Un chiquillo, nieto del mayor y sobrino de recién llegado, presente en la escena, recibió un mandado: “échale agua en la fuente –ha de estar de sed- y amarrala en la sombra”. Cumplida la tarea, dejó al animal bajo un pequeño bosque de algarrobos en las proximidades. También estaba muy alegre por el animal; al fin de cuentas, él también se sentía su dueño. Éste, pese a su pastoril oficio, nunca había tenido un “caballo” como herramienta de trabajo. No recordaba haber montado uno y, en todo caso, su memoria le llevaba a aquella vez en que el tío Augusto lo subió a las ancas del suyo para darle un paseo por la quebrada… también recordaba aquella foto en la que aparecía –muy pequeño todavía- montado en una mula del tío José Escobar… no recordaba la escena, pero tenía la foto. Le gustaba la idea de montar la yegua y ya soñaba con hacerlo, pero le advirtieron que, ya no era prudente porque faltaba pocas semanas para el parir…

Quién sabe si alguna vez el abuelo tuvo caballos entre sus recuas. Los que le habían oído contar la historia de su vida, sabían que vivió por muchos sitios, que su manada de cabras le había permitido vivir durante tantos años y criar a muchos hijos, incluso a los hijos de su padre, que cuando el abuelo era adulto, se le había dado por seguir preñando a mozas que podrían ser, muy bien, sus hijas o mujeres de sus hijos. Había arriado piaras de burros en las montañas llevando mercaderías de granos hacia el Ecuador, se había encargado de alguna mula de carga en esa labor, pero no había más… No se le había oído contar alguna hazaña montando algún caballo.
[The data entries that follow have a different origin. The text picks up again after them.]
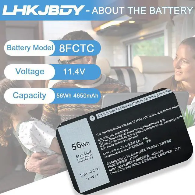 Specifications: Type: 8FCTC; Voltage: 11.4V; Capacity: 4650mAh/56Wh; Color: Black. Battery type: Lithium-Ion; The Packages includes: 1pcs 8FCTC Laptop Battery Replacement, 4pcs Screwdrivers, 1 pcs Instruction for 8FCTC Battery. The batteries are certified by UL and CE, ensuring safety and high performance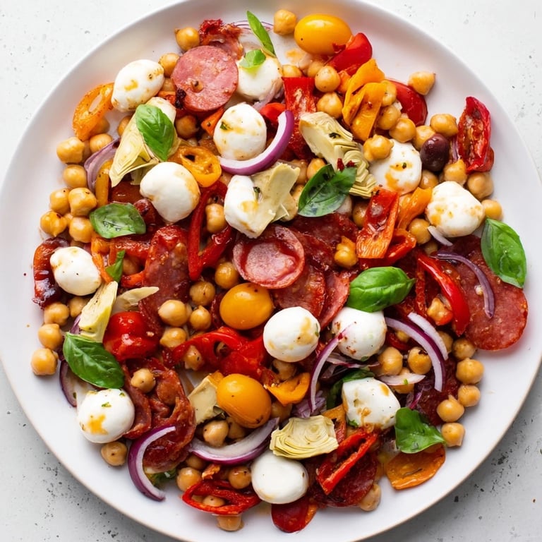 The beauty of this salad is that it's a template, not a commandment. If you don't like pepperoni, swap it for salami, prosciutto, or skip the meat entirely and add an extra handful of marinated mushrooms. If you're missing artichokes, a handful of roasted zucchini or sun-dried tomatoes will sing in their place. Some people add crispy chickpeas for extra crunch by baking some of them separately with olive oil and seasoning—it's a small touch that changes everything if you're in the mood for texture.
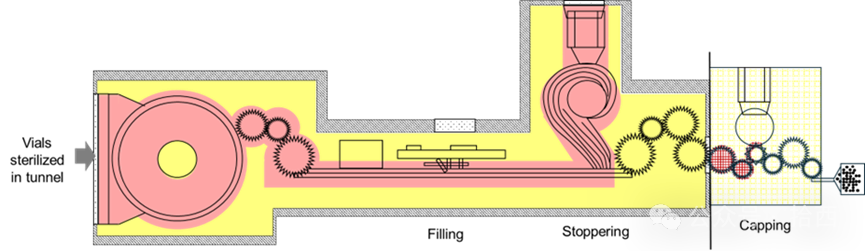 下图分别展示了西林瓶和RTU在隔离器内运行的灌装线示意图。红色区域代表受首过空气保护的CPA,黄色区域代表隔离器内部围绕CPA的PAA。此外,图中还显示了A级空气供应区域,用于保护已加塞的西林瓶直到压盖工序。

Los chiquillos que le acompañábamos en aquellos días, a lo más, habíamos podido ver entre sus propiedades hasta tres burros a la vez, muchas cabras, algunas ovejas y varios perros. También había gallinas –para los huevos del desayuno- y un gallo, para asegurarse sonoros kikirikikies en las madrugadas.  Sería, para la gavilla de nietos y de bisnietos, el primer cuadrúpedo noble, entre tantos animales.

Minutos después, se abrió la puerta del corral y las cabras salieron en busca de alimento, sería llevadas primero hacia la quebrada –para que tomen agua- y luego las pastarían por los arenales cercanos… No quiso acompañar al viejo en la tarea. Se ofreció en hacer limpieza de los corrales de las cabras, pero la intención era otra: quedarse cerca del animal recién llegado, mirarlo, acercarle algo de alimento… mirarlo otra vez… soñar con el potrillo que nacería, con cabalgar encima de ella… Quién sabe si ese animal tuvo un nombre, pero esa tarde, tres o cuatro chiquillos llegaron animados por la curiosidad… se ofrecieron al abuelo en llegar todos los días para ayudar en la alimentación, llevarla a la quebrada para darle de tomar, juntarle paja seca o traer algarroba… en fin lo que fuera necesario. Hasta para la confección de los aperos… “Ah muchachitos estos… en quince días hablamos. A ver si les quedan ganas. La emoción les gana… jajajaja”.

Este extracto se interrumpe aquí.